Tuesday, April 1, 2008

Why is Islam so old?

In various articles on various news services (especially the BBC) I have noticed a group of stories about Turkish religious academics trying to recontextualize Islam for the modern era. Turkey is a special case in the Muslim world, independent for long enough to be stable but not Arabic-speaking. This lets the country develop in a looser way - it's not held in place by various Arabic ways of governance but is instead free to explore various ideas.

What does the academic recontextualization mean? If it were Christian academics revamping Christian theology, I wouldn't expect that much. Any major change would be shouted down as elitism, much the same way that American Evangelicals discount the recent theology of liberal Protestants as something imposed from above on an unwilling population. Yet this is Islam, where a legitimate tradition of scholarly revamping exists. The legal schools within Islam and even the very essences of sharia law were worked out by legal scholars and eventually accepted. Wise men writing essays is a viable means of reinterpretation in Islam.

This brings me to my original point, the one in the title of this post. In all these articles about revamping mention the age of Islam. That is, they all point out that Islam is 1400 years old. There are two ways to take this:

1) People are not as educated about Islam as about Christianity, since most English-speakers who read the BBC online will be Christian. Thus the information about how old Islam is comes from a desire to inform the reader. It falls kind of flat in the article itself (it seems like a journalistic insertion) but that is all.

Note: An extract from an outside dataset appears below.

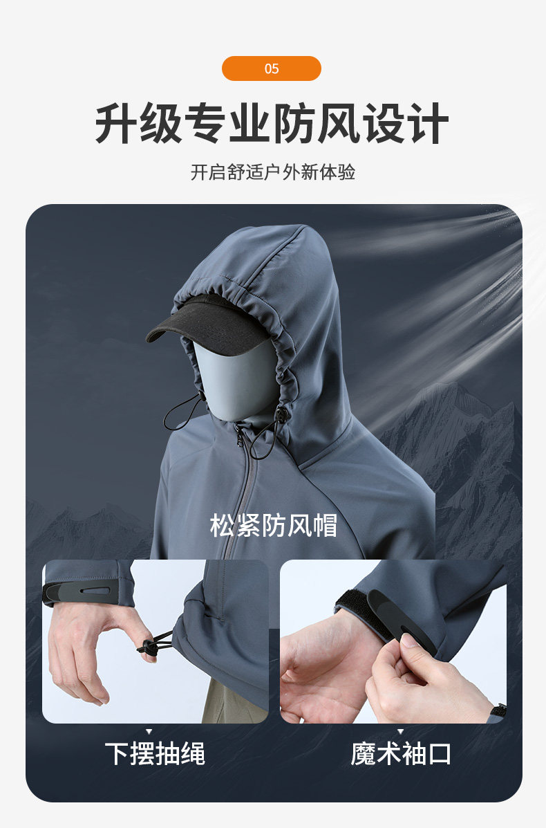Winter soft shell jacket for men with velvet, warm, windproof and water repellent new style jacket for sports, outdoor, hiking, running and leisure

2) It is supposed to subtly imply that Islam is old and thus outdated - 'due for a reformation.' This is part of a bias against Islam on the part of some reporter or editor, or by the BBC service itself.

The fact is that mentioning the age of Christianity in an article would seem out of place, especially if the article talked about who Christians need a new set of principles to go along with new reproductive technology. Some people would see it, correctly, as biased in favor of these new technologies and against their faith. It is the same in these articles on Turkey. Even if the intent is #1 rather than #2, they both have the same effect - implying that Islam is outdated.

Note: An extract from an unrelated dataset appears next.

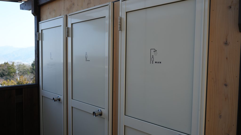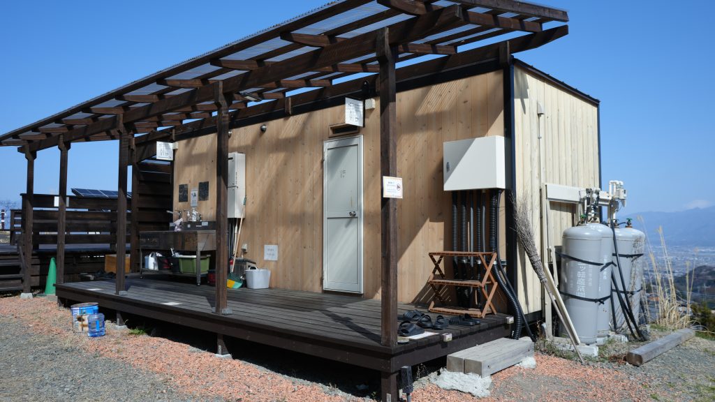 キャンプサイトとウッドデッキの間に、トイレなどがあります。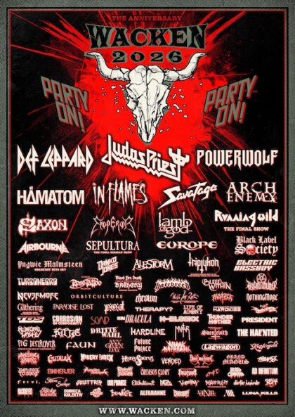 - Die WOA Festivalmacher geben heute die nächste Bandwelle für 2026 bekannt, in der gleich 55 Acts schwimmen. Als weiterer Haedliner sind JUDAS PRIEST angekündigt, sowie folgende neue Bands. Ad Infinitum, Alestorm, Alfahanne, Angelus Apatrida, Arch Enemy, Bleed from Within, Brunhilde,… –weiterlesen–

There are parts of Islamic theology and practice that don't sit well in the modern world, but the implication that an entire faith is outdated goes beyond that. It recalls the idea formed by Christian apologists that their faith was one of reason and sense while Islam was misguided passion and incorrect belief.

I don't think the editors mean to denigrate Islam; the rest of the article is enthusiastic about the revamping. Nor do I want the BBC shouted down for mentioning how old Islam is. What I mean to do is point out an event of probably unconscious bias. Let us not be oversensitive about it, but rather notice that such biases do exist even in those who are not hostile to Islam itself. I am sure to have said something biased in this post, but I do not mean to.

It's all very postmodern.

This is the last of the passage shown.